Plato’s Caves: The Liberating Sting of Cultural Diversity

Classical antiquity has become a political battleground in recent years in debates over immigration and cultural identity-whether it is ancient sculpture, symbolism, or even philosophy. Caught in the crossfire is the legacy of the famed ancient Greek philosopher Plato. Though works such as Plato’s Republic have long been considered essential reading for college students, protestors on campuses around the world are calling for the removal of Plato’s dialogues from the curriculum, contending that Plato and other thinkers in the Western philosophical tradition promote xenophobic and exclusionary ideologies. The appropriation of the classics by white nationalists throughout history-from the Nazis to modern-day hate groups-appears to lend credence to this claim, and the traditional scholarly narrative of cultural diversity in classical Greek political thought often reinforces the perception of ancient thinkers as xenophobic. This is particularly the case with interpretations of Plato. While scholars who study Plato reject the wholesale dismissal of his work, the vast majority tend to admit that his portrayal of foreigners is unsettling. From student protests over the teaching of canonical texts such as Plato’s Republic to the use of images of classical Greek statues in white supremacist propaganda, the world of the ancient Greeks is deeply implicated in a heated contemporary debate about identity and diversity.

Plato’s Caves defends the bold thesis that Plato was a friend of cultural diversity, contrary to many contemporary perceptions.
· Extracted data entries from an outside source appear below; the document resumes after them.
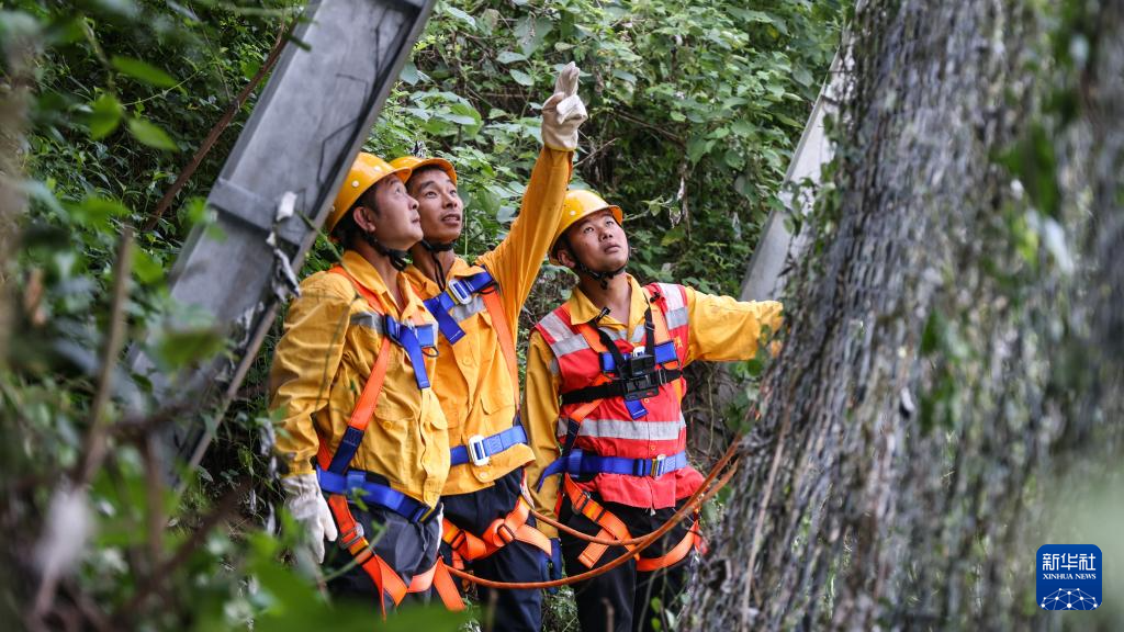 桥隧工人巡查被动网状态(7月15日摄)。新华社记者 张爱林 摄
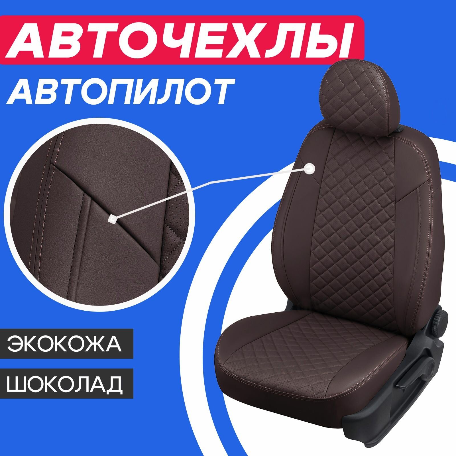 Модельные авточехлы АВТОПИЛОТ для Toyota Land Cruiser Prado 150 (5 мест, 2009-2017гг) экокожа ромб, шоколадные
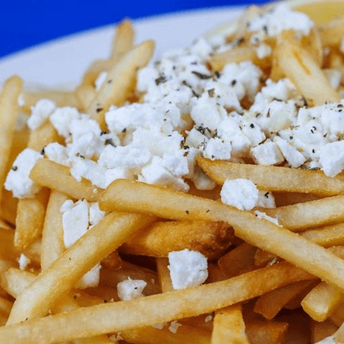 Crispy shoestring fries topped with Feta, seasoned with lemon pepper, oregano, and salt. Served with a wedge of lemon.
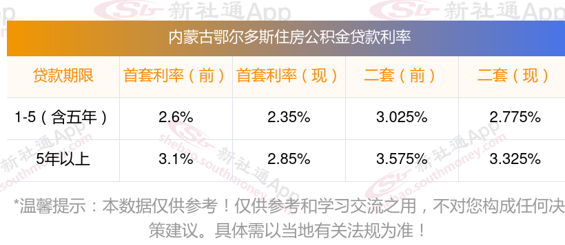 2025年内蒙古鄂尔多斯公积金贷款利率是多少?

It shows that, across Plato’s dialogues, foreigners play a role similar to that of Socrates: liberating citizens from intellectual bondage. Through close readings of four Platonic dialogues-Republic, Menexenus, Laws, and Phaedrus-Rebecca LeMoine recovers Plato’s unique insight into the promise, and risk, of cross-cultural engagement. Like the Socratic “gadfly” who stings the “horse” of Athens into wakefulness, foreigners can provoke citizens to self-reflection by exposing contradictions and confronting them with alternative ways of life. The painfulness of this experience explains why encounters with foreigners often give rise to tension and conflict. Yet it also reveals why cultural diversity is an essential good. Simply put, exposure to cultural diversity helps one develop the intellectual humility one needs to be a good citizen and global neighbor. By illuminating Plato’s epistemological argument for cultural diversity, Plato’s Caves challenges readers to examine themselves and to reinvigorate their love of learning.